Sorry for the delay, just getting back from a weekend trip. Attachment 3 replaces attachments 1 and 2, and fixes the additional issues noted by Sprout and discovered while investigating his suggestions. It creates a temporary, mortal, PV copy of any input SV to either encode or decode which is read-only, which has get or set magic, or which is not POK. Tests were added for the changed behavior, and no existing tests were impacted.

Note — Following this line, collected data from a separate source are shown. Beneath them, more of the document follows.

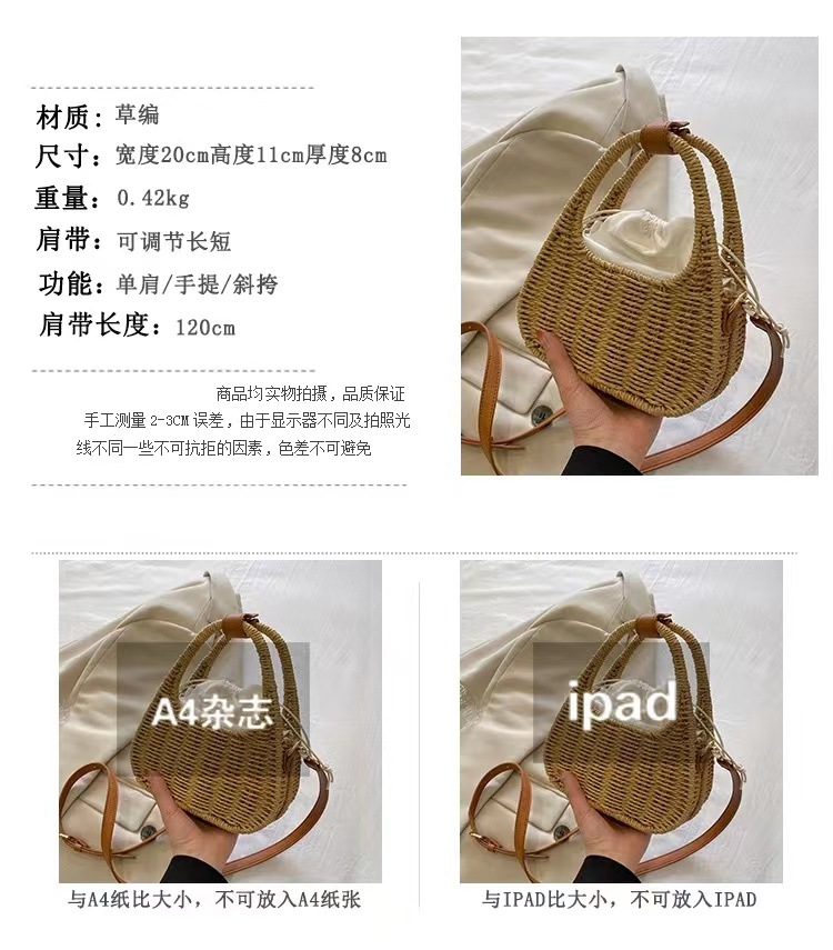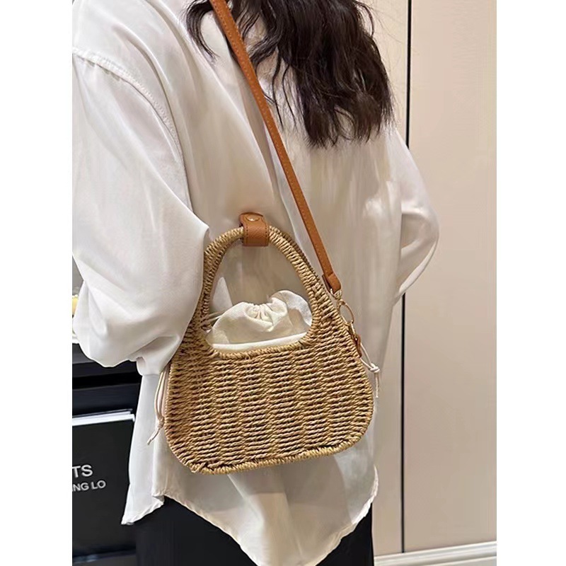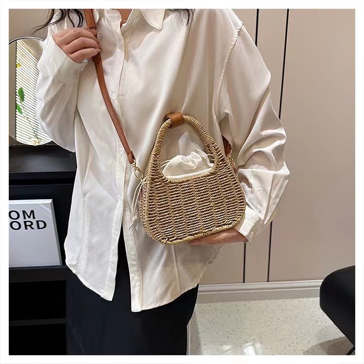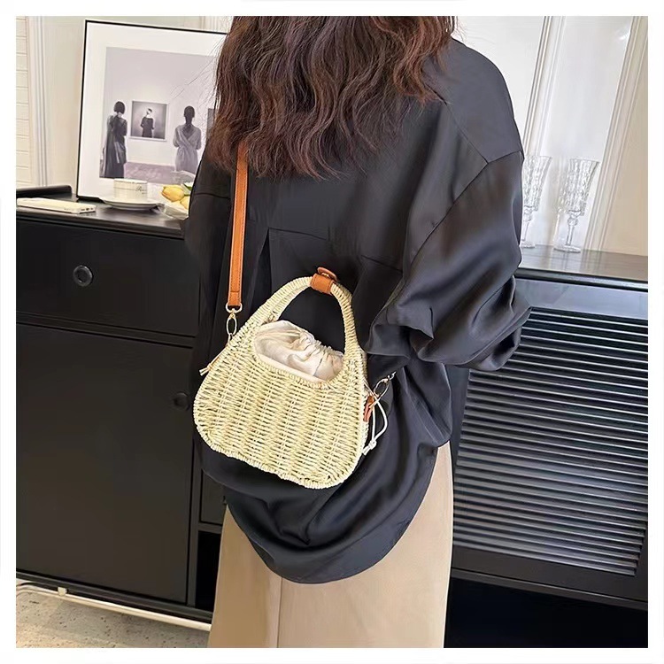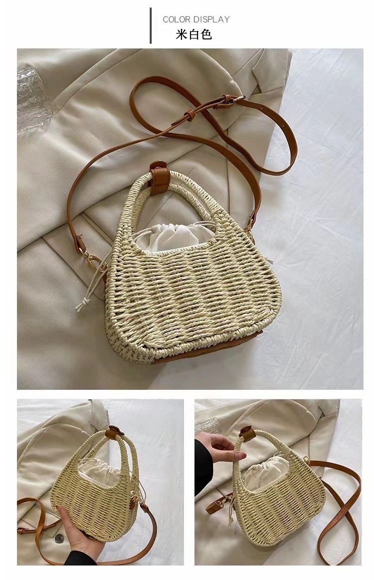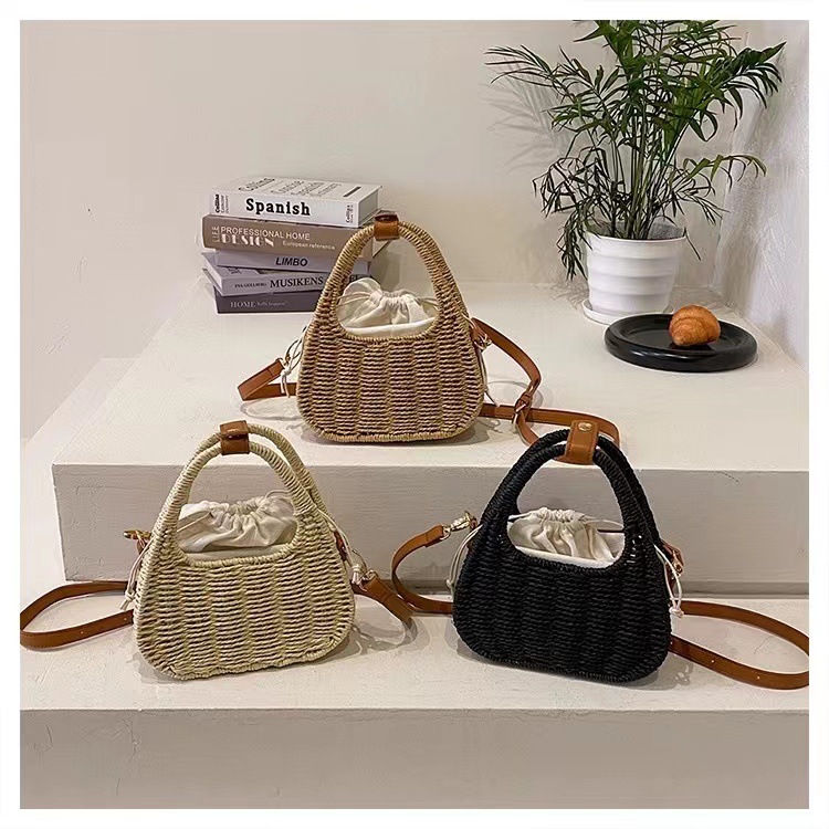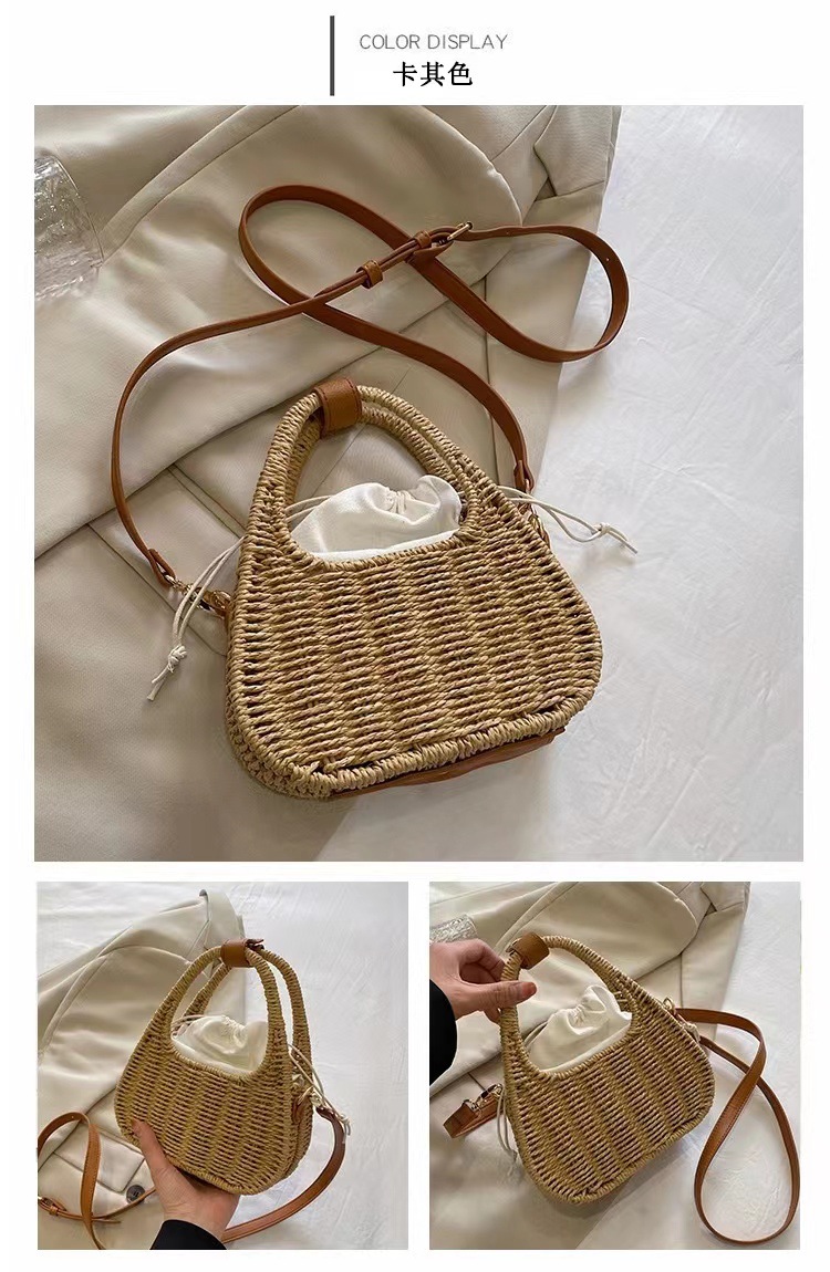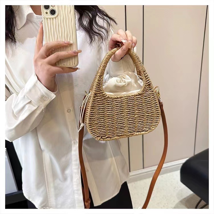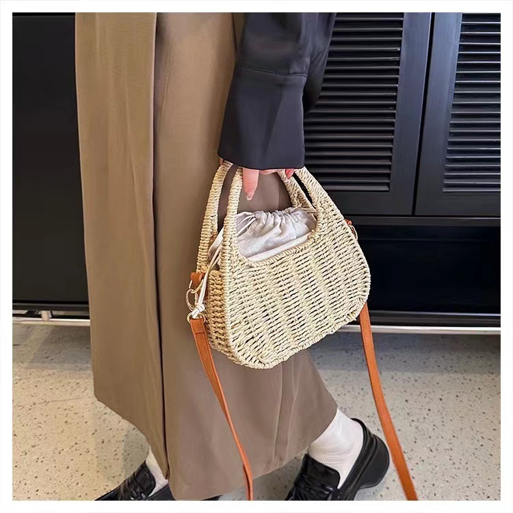 한국식 슬링 밀짚 가방 패션 숄더 밀짚 가방 짠 가방 홀리데이 스타일 비치 가방 휴대용 여성 가방
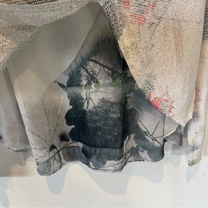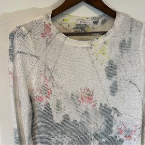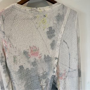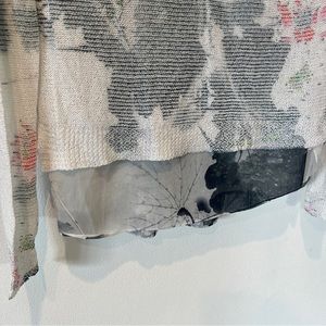 Sioni Lightweight Open Knit Watercolor Floral Layered Long Sleeve Sweater
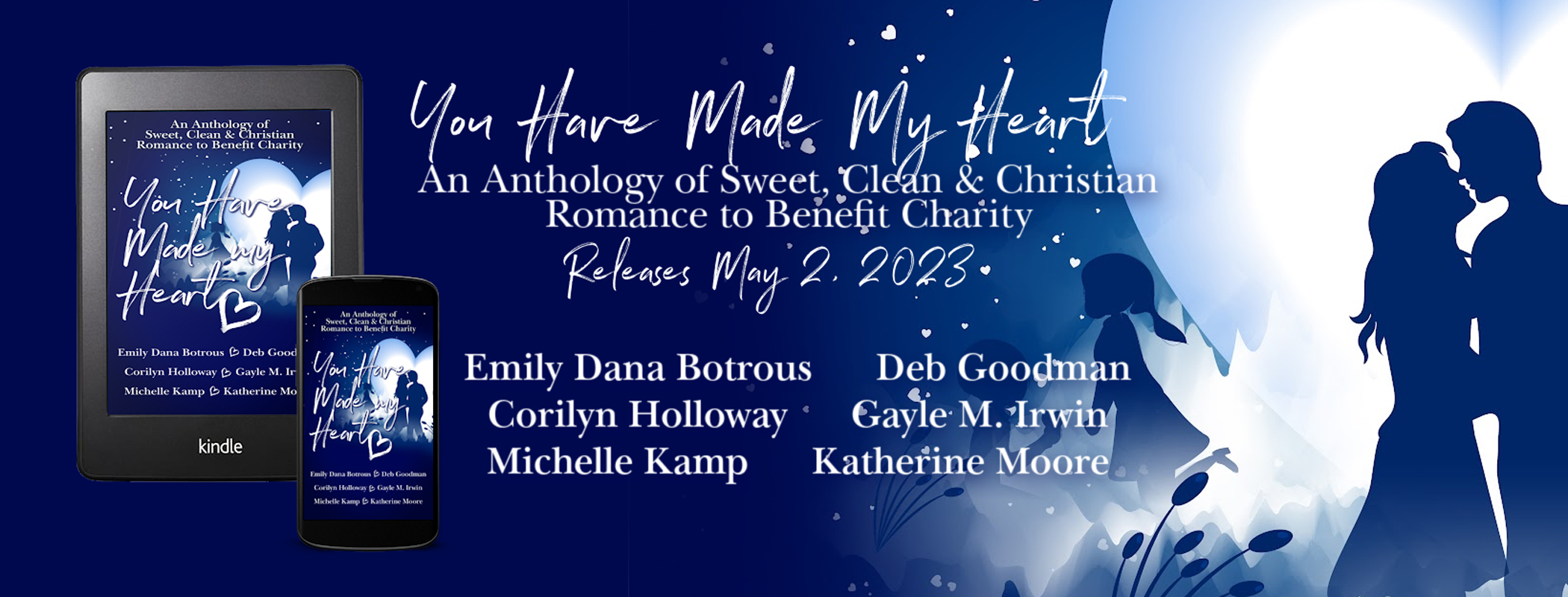The authors involved with the spring book project, in addition to Sessums and Kampmeier (whose pen names are Corilyn Holloway and Michelle Kamp, respectively) are Emily Dana Botrous, Deb Goodman, Katherine Moore, and the writer of this story, Gayle M. Irwin. Some of the sweet romance stories include topics of single dads, second chances, family sagas, and animal rescues.
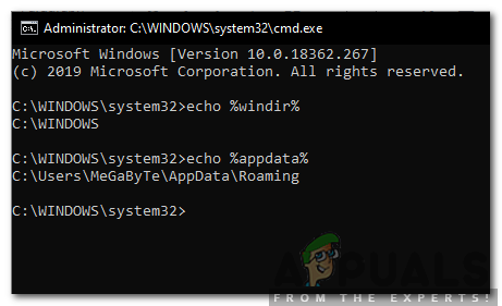 Typing cmd in the Run Prompt and pressing “Shift”+ “Ctrl” + “Enter” - Type in “Echo” and include the command along with the percentage symbols before and after it.
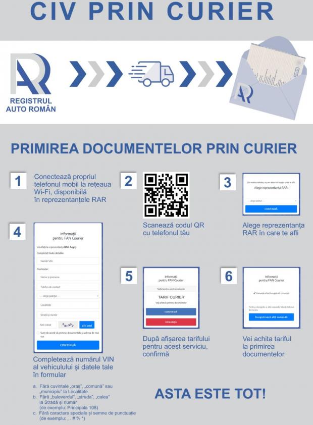 Clienții vor putea menționa pe cererea de activitate pe care o completează la sediul RAR faptul că doresc primirea CIV prin curier și vor scana cu un telefon mobil un cod QR care permite accesarea directă a linkului pentru înregistrarea solicitării.
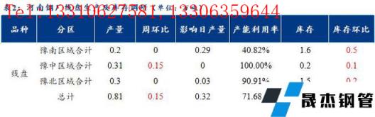1、調(diào)研數(shù)據(jù)顯示,統(tǒng)計(jì)的河南地區(qū)10家建筑厚壁無(wú)縫鋼管樣本無(wú)縫厚壁鋼管廠家中,河南省無(wú)縫厚壁鋼管廠家線盤日均產(chǎn)量0.81萬(wàn)噸,較上周小幅增加0.15萬(wàn)噸;檢修/限產(chǎn)影響建材日產(chǎn)量為0.32萬(wàn)噸,產(chǎn)能利用率71.68%,較上周上升13.27%。
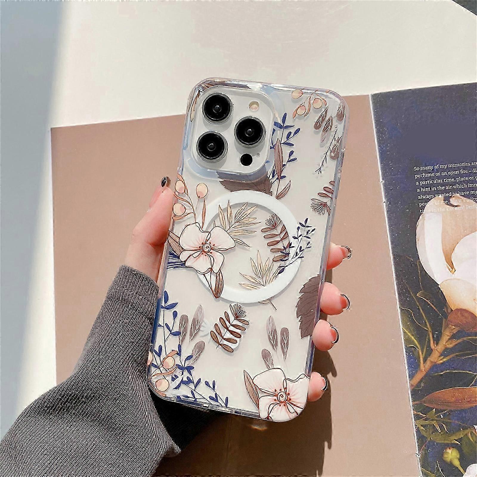 Magnetic Floral Clear Shockproof Women Phone Case for iPhone 15 Pro Max/ 15 Ultra Compatible with MagSafe
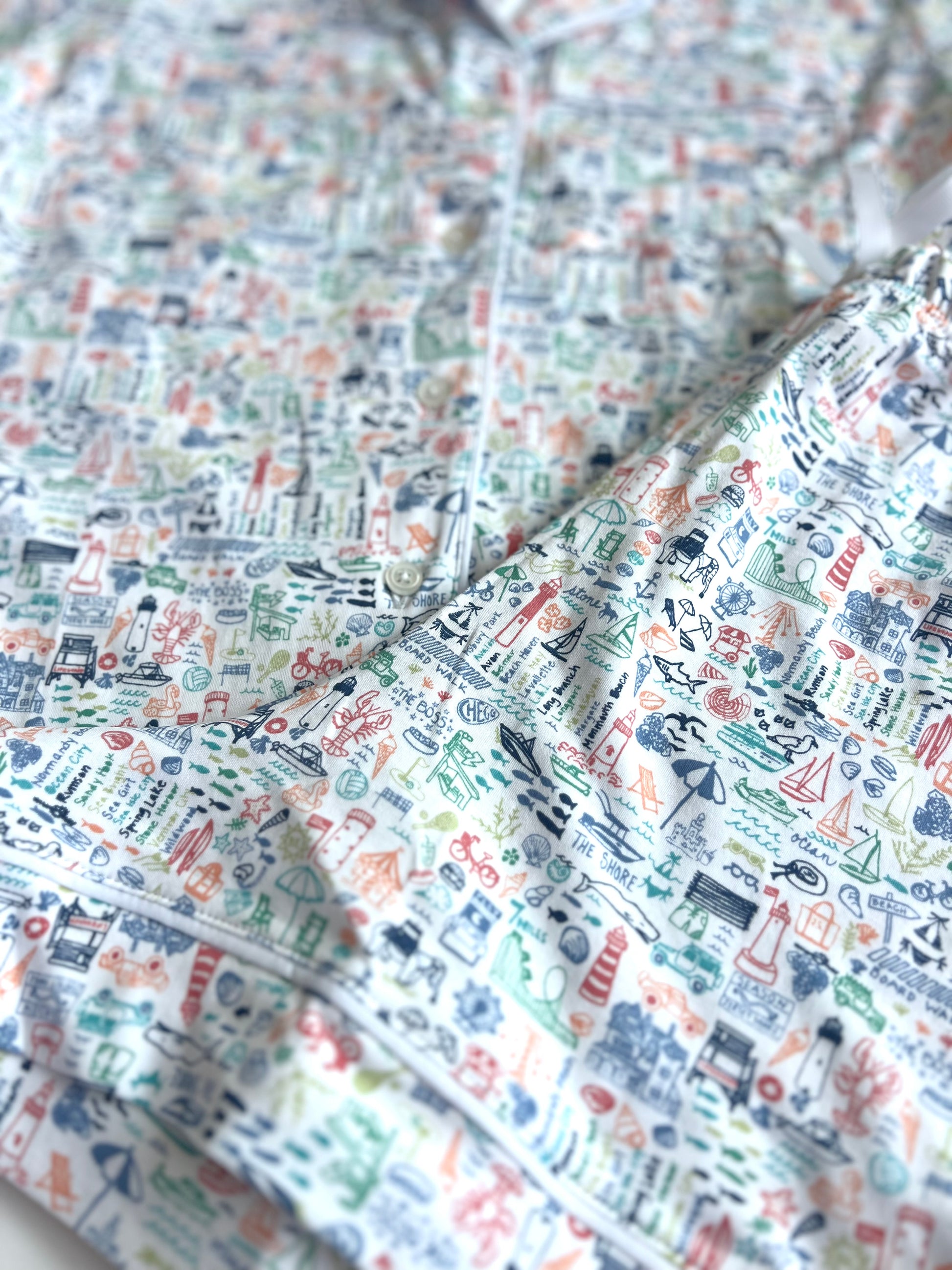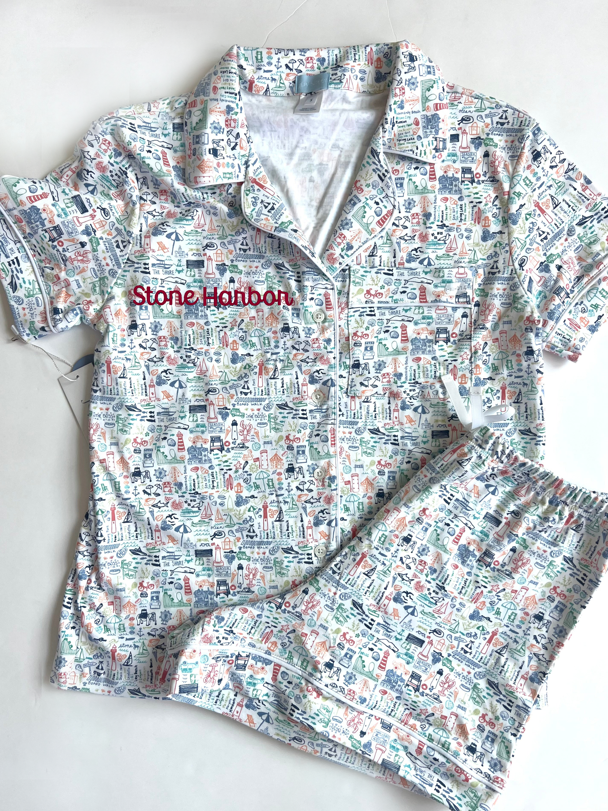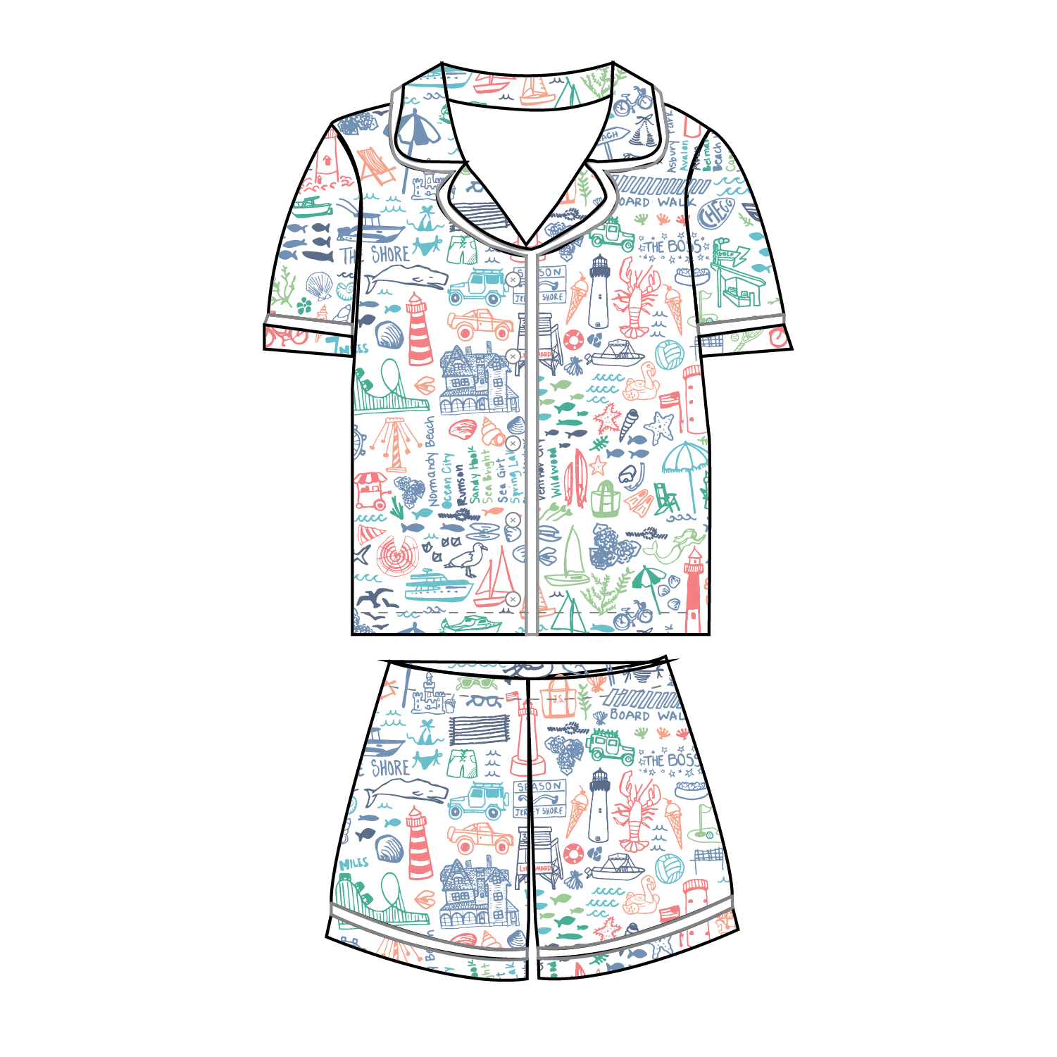 Match your little in our beach town print women's short set. Print close-ups of each town are in the additional images.
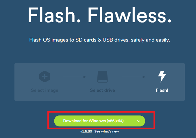 SD 카드에 운영체제 이미지를 기록하기 위해서는 Etcher라는 프로그램을 많이 사용한다. Etcher 프로그램은 여기서 다운받아 실행하면 된다.
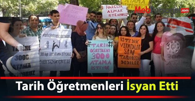 Öğretmen atamalarında en yüksek puan ile en az alım yapılan bölümün tarih öğretmenliği olduğunu belirten adaylar, sınavlara her yıl 14 bin öğretmen adayının girdiğini, her yıl fakültelerden binlerce adayın mezun olduğunu vurguladı. Buna karşın MEB’in her yıl sadec 300 tarih öğretmeni aldığına dikkat çeken adaylar,“300 kişilik atamalarla bu yığılma önlenemez” dedi.
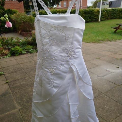 Fantastisk flot lang festkjole med blomster/ roser. Helt unik og enestående. Der står ikke str. I. Venligst se mål. Passer pige på 8 - 12 år. Længde ca. 115 cm fra skulderen ned. Brystmål ca. 77 cm.

From 253098cb2d33d8b10fb377f776715e807c5cbb67 Mon Sep 17 00:00:00 2001
From: Dan Collins <dcollinsn@gmail.com>
Date: Wed, 8 Jun 2016 10:15:29 -0400
Subject: [PATCH] [cpan #115168] Correct magical and non-POK inputs
In [perl #128143], a user reports inconsistent behavior between the
following two ways to call decode:
$x =~ s/(.)/$latin1->decode($1)/ge
$x =~ s/(.)/Encode::decode('latin1', $1)/ge
The issue seems to be that Encode.xs Method_decode() performs some
operations on src without checking to see if it is readonly or
magical. Since $1 is magical, this results in incorrect data. From
stepping through with GDB, it looks like the corruption doesn't
happen until this line, early in encode_method():
U8 *s = (U8 *) SvPV(src, slen);
For inputs that are readonly, magical, or not POK, we first create
a mortal SV, then use sv_copypv to stringify and transfer.
Encode needs to do the same thing. Currently, encode will not
accept being passed, for example, a typeglob, but decode will.
This patch brings the functions in line, and will stringify any
input that sv_pvcopy is able to.
Tests are added for both functions for both magic and typeglob inputs.
---
Encode.xs | 14 +++++++++++++-
t/Encode.t | 10 +++++++++-
t/decode.t | 11 +++++++++--
3 files changed, 31 insertions(+), 4 deletions(-)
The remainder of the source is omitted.